Apart from skeletal effects, vitamin D may also have an impact on extra-skeletal health (3, 28–31). Several epidemiological studies have shown that low serum 25(OH)D concentrations are a risk marker for various diseases as well as mortality (3, 28–31) (see Figure 1 for the association between serum 25(OH)D and mortality). Data from meta-analyses of RCTs suggest that vitamin D supplementation may reduce mortality, respiratory tract infections, asthma exacerbations and pregnancy complications, but more data are required to clearly establish causality and doses-response relationships (32–41). Of particular importance are the RCT data suggesting that vitamin D supplementation during pregnancy may be useful in preventing general complications of pregnancy or infant outcomes such as asthma/wheeze (42, 43).
Figure 1. Dose-response trend of hazard ratios of death from all causes by standardized serum 25-hydroxyvitamin D. Dose-response trend of hazard ratios of all-cause mortality by standardized 25-hydroxyvitamin D were adjusted for age, sex, body mass index and season of blood drawing concentrations. Hazard ratios (blue line with 95% confidence intervals as dotted blue lines) are referring to the 25-hydroxyvitamin D concentration of 83.4 nmol/L (i.e., the median 25-hydroxyvitamin D concentration of the group with 25-hydroxyvitamin D concentration from 75 to 99.99 nmol/L). Adopted from Gaksch et al. (28).

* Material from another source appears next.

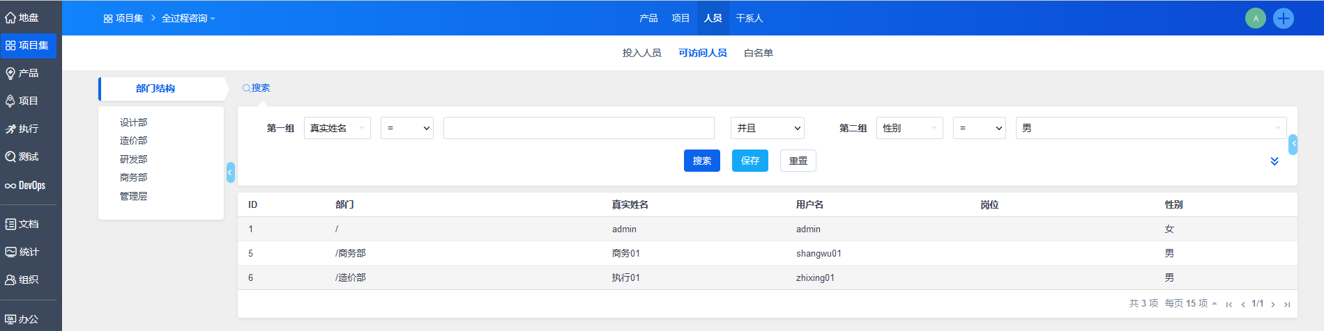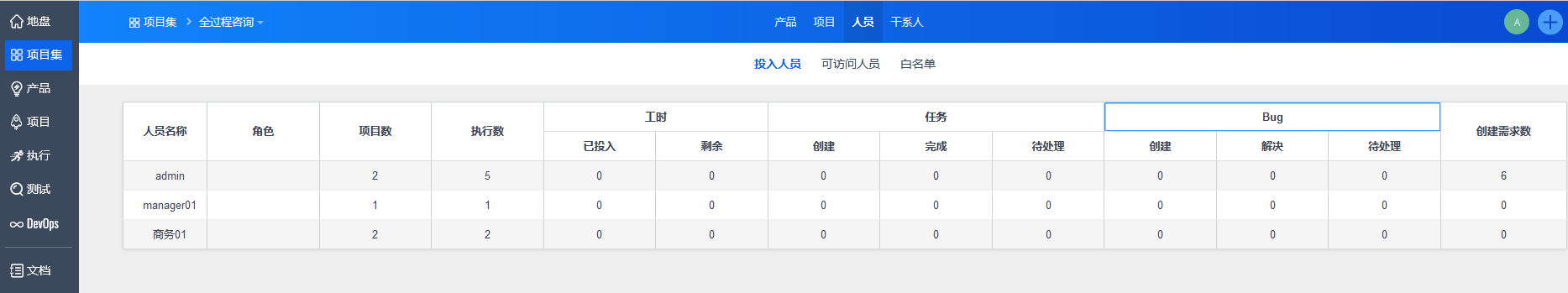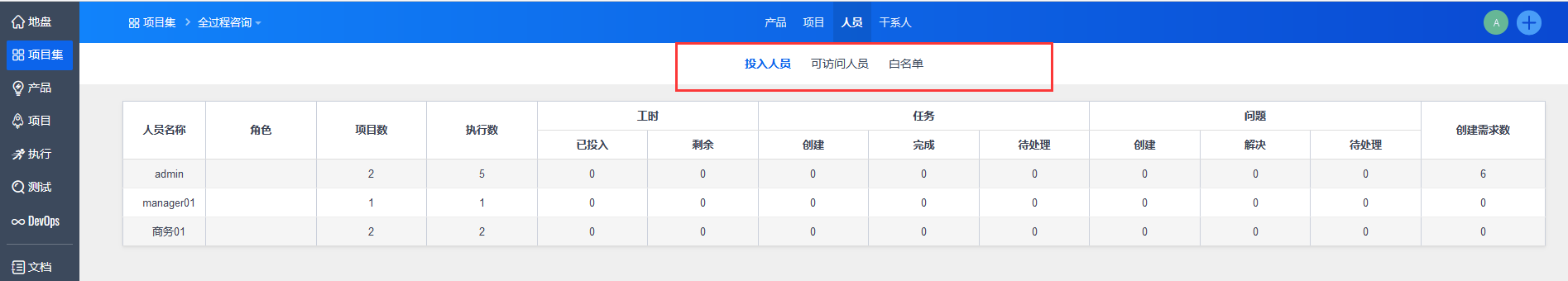 选择一个项目集,点击“人员”,可以对“投入人员”、“可访问人员”以及“白名单”进行查看和管理。

Nutritional Vitamin D Guidelines
Recommendations relating to dietary vitamin D requirements in general populations are termed dietary reference intakes (DRI) or dietary reference values (DRV) (5, 6). These are based on the assumptions that total 25(OH)D serum concentrations are a biomarker of vitamin D status and indicate vitamin D intakes in the absence of cutaneous vitamin D production, which is especially the case in winter at northern latitudes (i.e., in regions far away from the equator). The rationale for nutritional vitamin D recommendations is the establishment of a cause and effect relationship between vitamin D intake and specified health outcomes. To date, vitamin D guidelines have generally been based on beneficial effects of vitamin D on musculoskeletal health outcomes (e.g., rickets, osteomalacia, fractures, muscle weakness, falls etc.) and occasionally on extraskeletal health outcomes such as pregnancy-related health outcomes or mortality. The dose-response relationship is then usually characterized by the association between serum 25(OH)D concentrations and these health outcomes.

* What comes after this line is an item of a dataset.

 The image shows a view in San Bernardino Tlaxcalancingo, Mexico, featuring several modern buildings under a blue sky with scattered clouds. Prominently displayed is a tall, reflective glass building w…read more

As part of this process, certain target concentrations for serum 25(OH)D are established that are then used to calculate the vitamin D intakes for the estimated average requirement (EAR), that is the vitamin D intake at the estimated median requirement, and the recommended dietary allowance (RDA), that is the vitamin D intake that meets or exceeds the vitamin D requirements of 97.5% of the population. If the evidence is insufficient to define a RDA, an adequate intake (AI), is defined. The AI is the recommended average daily intake level of a nutrient based on observed or experimentally determined approximations or estimates of intakes that are assumed to be adequate for a group of apparently healthy people. After setting the target serum 25(OH)D concentrations for the EAR/RDA/AI, the vitamin D intakes that are required to achieve these concentrations thresholds, under circumstances of minimal to no UV-B induced cutaneous vitamin D production, are estimated by meta-regression analyses. The DRV/DRI also assume that the requirements for other nutrients such as e.g., calcium are met. In reality, this is usually not always the case, and vitamin D requirements may therefore even be higher in individuals with inadequate calcium intake, and may also vary according to other factors such as body mass index, ethnicity or genetic polymorphisms related to vitamin D metabolism/effects (13, 44).

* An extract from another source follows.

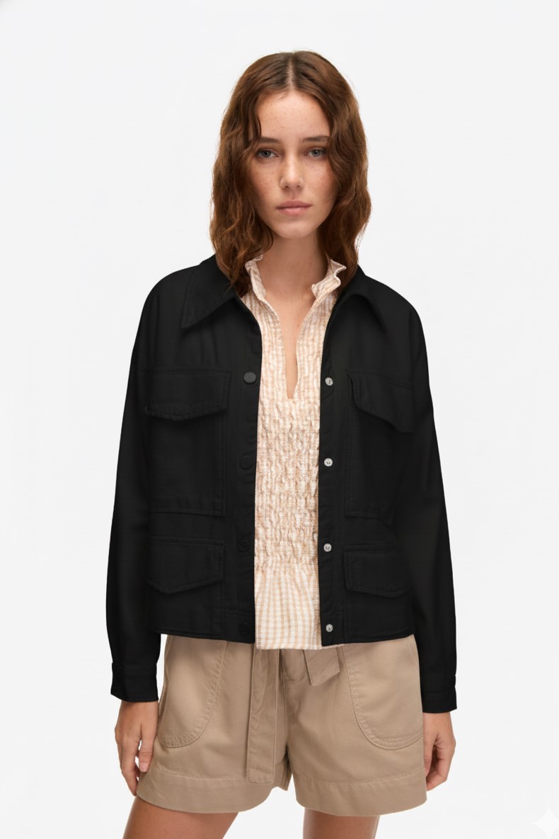 CONFECCIONADA EN GABARDINA DE ALGODÓN, DE TEXTURA FIRME Y SUAVE. DISEÑO OVERSIZE CON CUELLO CAMISERO Y BOTONES A LA VISTA. CUENTA CON BOLSILLOS PLAQUETAS EN EL FRENTE QUE APORTAN ESTILO UTILITARIO. TERMINACIÓN RECTA Y CALCE CÓMODO. 100% ALGODÓN.

An excellent overview of nutritional vitamin D guidelines is published elsewhere (5). For the US and Canada, the Institute of Medicine (IOM) report on vitamin D and calcium was released in 2010 and is considered the benchmark for nutritional vitamin D guidelines (45, 46). The IOM DRI report together with the European Food Safety Authority (EFSA) DRV report can be regarded as the main nutritional vitamin D guidelines (45–47). Therefore, we list the DRV/DRI of these two main guidelines together with three of the, in our opinion, most relevant national guidelines [i.e., Scientific Advisory Committee on Nutrition (SACN)report from the UK, the report from the Nutritional Societies in Germany Austria and Switzerland (DACH) and those of the Nordic European countries (NORDEN)] in Table 1 (45–50). These recommendations are based on conditions of minimal or no endogenous vitamin D synthesis. Apart from these nutritional vitamin D guidelines for the general healthy population, there are also vitamin D guidelines or recommendations published that aim to guide vitamin D diagnostics and supplementation in patients or specific groups, an issue that is beyond the scope of the current article (51–53). A few of these guidelines recommend relatively high target serum 25(OH)D concentrations such as 75 nmol/L (divide by 2.496 to convert nmol/L to ng/mL) because for some musculoskeletal health outcomes and parameters of mineral metabolism such as PTH, these levels may be optimal, whereas target serum 25(OH)D concentrations for effects on the immune system are not clearly established but may even be higher (3, 51, 53).
Global Vitamin D Status and Vitamin D Intakes
Several studies have investigated the prevalence of low serum 25(OH)D concentrations and of inadequate vitamin D intakes in general populations worldwide (54–63). It is obvious from these various reports that serum 25(OH)D concentrations and vitamin D supply are insufficient to meet the vitamin D requirements in significant sections of the general population worldwide. There exist, of course, regional differences in the burden of vitamin D deficiency, but it can be clearly stated that vitamin D deficiency is a worldwide public health problem. According to recent surveys, serum 25(OH)D concentrations <30 nmol/L and <50 nmol/L are documented in 13.0 and 40.4% of the general population in Europe, and in 6.7 and 26.0% of the general population in the US, respectively (55, 57, 58). Compared to Europe and North America, the prevalence of low serum 25(OH)D concentrations seems to be even higher in many low and lower-middle income countries (56). In India, Tunisia and Mongolia, for example, the prevalence of serum 25(OH)D concentrations below 25/30 nmol/L exceeds 20% in the entire population (56). It should be noted that interpretation of some previous vitamin D status data may be limited due to differences/problems of laboratory assays, whereas many recent surveys were based on well standardized 25(OH)D measurements (55).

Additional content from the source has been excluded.